As the Mayor of Pittsburgh, I can assure you that we will follow the guidelines of the Paris Agreement for our people, our economy & future. https://t.co/3znXGTcd8C— bill peduto (@billpeduto) June 1, 2017
Peduto and Philadelphia Mayor Jim Kenney are among 61 defiant city leaders who pledged Thursday to uphold the Paris accord in their cities, even if the White House is no longer on board.
The group, which calls themselves the Climate Mayors, also includes the mayors of New York City, Boston, Los Angeles, Chicago and other major cities around the country.
"The president's denial of global warming is getting a cold reception from America's cities," the group wrote in a statement.
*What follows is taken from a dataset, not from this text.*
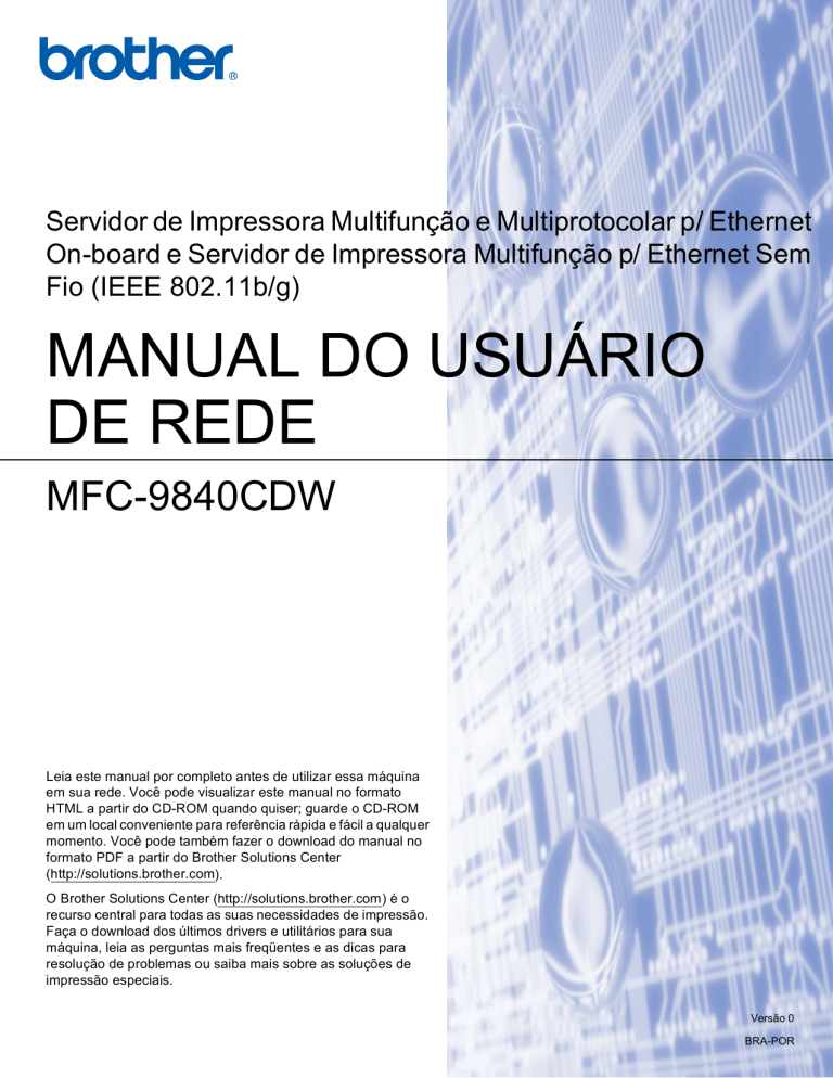Servidor de Impressora Multifunção e Multiprotocolar p/ Ethernet On-board e Servidor de Impressora Multifunção p/ Ethernet Sem Fio (IEEE 802.11b/g) MANUAL DO USUÁRIO DE REDE MFC-9840CDW Leia este manual por completo antes de utilizar essa máquina em sua rede. Você pode visualizar este manual no formato HTML a partir do CD-ROM quando quiser; guarde o CD-ROM em um local conveniente para referência rápida e fácil a qualquer momento. Você pode também fazer o download do manual no formato PDF a partir do Brother Solutions Center (http://solutions.brother.com). O Brother Solutions Center (http://solutions.brother.com) é o recurso central para todas as suas necessidades de impressão. Faça o download dos últimos drivers e utilitários para sua máquina, leia as perguntas mais freqüentes e as dicas para resolução de problemas ou saiba mais sobre as soluções de impressão especiais. Versão 0 BRA-POR Definições de avisos, cuidados e observações Utilizamos o seguinte ícone ao longo deste Manual do Usuário: As observações lhe dizem como você deverá reagir a uma situação que possa surgir ou fornecem dicas sobre como a operação interage com outros recursos. Marcas comerciais Brother e o logotipo da Brother são marcas registradas e BRAdmin Light e BRAdmin Professional são marcas comerciais da Brother Industries, Ltd. UNIX é uma marca registrada do The Open Group. Apple e Macintosh são marcas registradas e Safari é uma marca comercial da Apple, Inc. HP, Hewlett-Packard, Jetdirect e PCL são marcas registradas da Hewlett-Packard Company. PostScript é uma marca registrada da Adobe Systems Incorporated. Microsoft, Windows e Windows Server são marcas registradas da Microsoft Corporation nos EUA e em outros países. Windows Vista é uma marca registrada ou marca comercial da Microsoft Corporation nos EUA e/ou em outros países. BROADCOM, SecureEasySetup e o logotipo do SecureEasySetup são marcas comerciais ou registradas da Broadcom Corporation. Wi-Fi, WPA e WPA2 são marcas registradas da Wi-Fi Alliance. Firefox é uma marca registrada da Mozilla Foundation. Cisco é uma marca registrada da Cisco Systems, Inc. OpenLDAP é uma marca registrada da OpenLDAP Foundation. Todos os outros termos, marcas e nomes de produtos mencionados neste Manual do Usuário são marcas registradas ou comerciais de suas respectivas empresas. Aviso de publicação e compilação Este manual foi compilado e publicado sob a supervisão da Brother Industries Ltd., abrangendo as últimas especificações e descrições do produto. O conteúdo deste manual e as especificações deste produto estão sujeitos a alterações sem aviso prévio. A Brother reserva o direito de fazer alterações sem aviso prévio nas especificações e nos materiais aqui contidos e não se responsabilizará por qualquer dano (incluindo danos indiretos) causados pela confiança nos materiais apresentados, incluindo dentre outros, erros tipográficos e outros erros relativos à publicação. ©2007 Brother Industries Ltd. i NOTA IMPORTANTE Este produto é aprovado para uso somente no país de compra. Não use este produto fora do país de compra, pois ele pode violar os regulamentos de energia e de telecomunicação sem fios daquele país. Neste documento, Windows® XP representa o Windows® XP Professional, Windows® XP Professional x64 Edition e Windows® XP Home Edition. Neste documento, Windows® Server 2003 representa o Windows ® Server 2003 e Windows® Server 2003 x64 Edition. Visite o Brother Solutions Center (http://solutions.brother.com) para obter mais informações sobre o suporte ao Windows® Server 2003 x64 Edition. ii Números da Brother IMPORTANTE Para assistência técnica e operacional, você deverá ligar para o número correspondente no país onde adquiriu a máquina. As chamadas deverão ser feitas de dentro desse país. Para atendimento ao cliente Nos EUA 1-800-284-4329 No Canadá 1-877-BROTHER Na Europa Visite o site http://www.brother.com para obter informações de contato do escritório da Brother local. Localizador de central de assistência técnica (EUA) Para saber a localização de uma central de assistência técnica Brother autorizada, ligue para 1-800-284-4357. Localidades da central de assistência técnica (Canadá) Para a localização de uma central de assistência técnica autorizada Brother, telefone para 1-877-BROTHER. Caso tenha algum comentário ou sugestão, escreva-nos para: Nos EUA Atendimento ao cliente Brother International Corporation 100 Somerset Corporate Boulevard Bridgewater NJ 08807-0911 No Canadá Brother International Corporation (Canada), Ltd. - Marketing Dept. 1 Hôtel de Ville Dollard des Ormeaux, QC H9B 3H6 Canada Na Europa Atendimento ao Produto e Serviço Europeu 1 Tame Street Audenshaw Manchester, M34 5JE, UK Endereço na Internet Site global da Brother na web: http://www.brother.com Para informar-se sobre as perguntas mais freqüentes (FAQs), suporte ao produto, atualizações do driver e utilitários: http://www.brother.com (Somente nos EUA) Para suprimentos e acessórios da Brother: http://www.brothermall.com iii Sistema Brother fax-back (EUA) A Brother implementou um sistema de resposta por fax fácil de utilizar para que você possa obter respostas imediatas a questões técnicas comuns e informações sobre todos os nossos produtos. Este sistema está disponível 24 horas por dia, sete dias por semana. Você pode utilizá-lo para enviar informações para qualquer aparelho de fax. Ligue para o número abaixo e siga as instruções gravadas para receber um fax sobre como utilizar o sistema e um índice dos tópicos sobre os quais você poderá obter informações. Apenas nos EUA 1-800-521-2846 iv Índice 1 Introdução 1 Visão geral.................................................................................................................................................1 Recursos de rede ..........................................................

Peduto joined a number of mayors and other leaders from around the country who blasted Trump's decision on social media.
Am departing presidential councils. Climate change is real. Leaving Paris is not good for America or the world.— Elon Musk (@elonmusk) June 1, 2017
I'm proud to stand with other governors as we make sure that the inaction in D.C. is met by an equal force of action from the states.— Governor Jay Inslee (@GovInslee) June 1, 2017
Walking away from Paris treaty is a mistake. Climate change is real. We owe our children more. Protecting our future also creates more jobs.— Bill Clinton (@billclinton) June 1, 2017
While Kenney opted to instead address the issue as part of a press release posted on the city's website, the mayor said he would continue the city's efforts to reduce carbon emissions between 26 and 28 percent by 2025, which would follow a pledge set by former President Barack Obama, who brought the country into the Paris Climate Agreement.
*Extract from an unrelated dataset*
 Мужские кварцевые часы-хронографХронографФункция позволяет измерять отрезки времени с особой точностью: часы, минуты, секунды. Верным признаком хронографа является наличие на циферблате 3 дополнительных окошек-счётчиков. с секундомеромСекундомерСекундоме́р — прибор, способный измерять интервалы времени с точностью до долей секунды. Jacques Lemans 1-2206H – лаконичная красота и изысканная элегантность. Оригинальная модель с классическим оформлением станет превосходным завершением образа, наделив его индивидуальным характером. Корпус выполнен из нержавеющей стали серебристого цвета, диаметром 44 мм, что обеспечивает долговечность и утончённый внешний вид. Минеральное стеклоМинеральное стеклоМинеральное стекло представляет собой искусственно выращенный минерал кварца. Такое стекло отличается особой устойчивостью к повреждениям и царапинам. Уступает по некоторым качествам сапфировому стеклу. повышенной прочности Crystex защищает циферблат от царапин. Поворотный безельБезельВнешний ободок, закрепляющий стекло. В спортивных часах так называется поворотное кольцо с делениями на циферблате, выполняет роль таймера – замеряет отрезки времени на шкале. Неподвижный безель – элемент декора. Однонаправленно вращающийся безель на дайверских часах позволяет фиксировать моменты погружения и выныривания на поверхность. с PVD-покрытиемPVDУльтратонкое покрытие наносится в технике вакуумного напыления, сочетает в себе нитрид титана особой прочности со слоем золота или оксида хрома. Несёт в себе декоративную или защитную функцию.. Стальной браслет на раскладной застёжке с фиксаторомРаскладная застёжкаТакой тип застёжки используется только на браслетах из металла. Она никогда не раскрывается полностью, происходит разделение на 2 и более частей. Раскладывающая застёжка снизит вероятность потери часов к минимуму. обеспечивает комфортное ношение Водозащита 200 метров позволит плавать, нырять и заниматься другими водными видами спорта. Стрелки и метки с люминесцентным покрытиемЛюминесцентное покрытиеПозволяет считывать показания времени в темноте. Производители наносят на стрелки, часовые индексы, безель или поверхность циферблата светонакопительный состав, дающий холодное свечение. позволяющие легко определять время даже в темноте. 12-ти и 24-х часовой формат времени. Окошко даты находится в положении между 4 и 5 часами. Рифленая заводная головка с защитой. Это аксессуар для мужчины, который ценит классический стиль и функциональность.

It will take nearly four years for the country to withdraw from the pact.
Speaking in the White House Rose Garden, Trump said the U.S. will negotiate to either re-enter the Paris pact or join a new treaty on terms that would better suit American businesses and taxpayers.
"If we can, that's great," Trump said. "And if we can't, that's fine."
“President Trump’s decision to withdraw from the Paris climate agreement goes against the interests of Philadelphians," Kenney said in the release. "My administration is now committed to upholding at the local level the very same commitment made by the United States in the Paris climate agreement."
Kenney added that the city is staying the course on a long-term goal to reduce its carbon emissions 80 percent by 2050.
“Philadelphia is already dealing with the consequences of climate change, such as hotter summers and heavier rainstorms,” Christine Knapp, Philly's director of sustainability, said in a statement. "Local progress on climate change will improve Philadelphia’s economy, reduce illnesses caused by air pollution, and help protect our residents.”
City officials also laid out a list of planned strategies and initiatives to reduce its carbon emissions in its release, and they pointed out an action guide that includes quick facts, resources and ways residents can live a more environment-friendly lifestyle. The guide will be updated to reflect Trump's decision, officials said.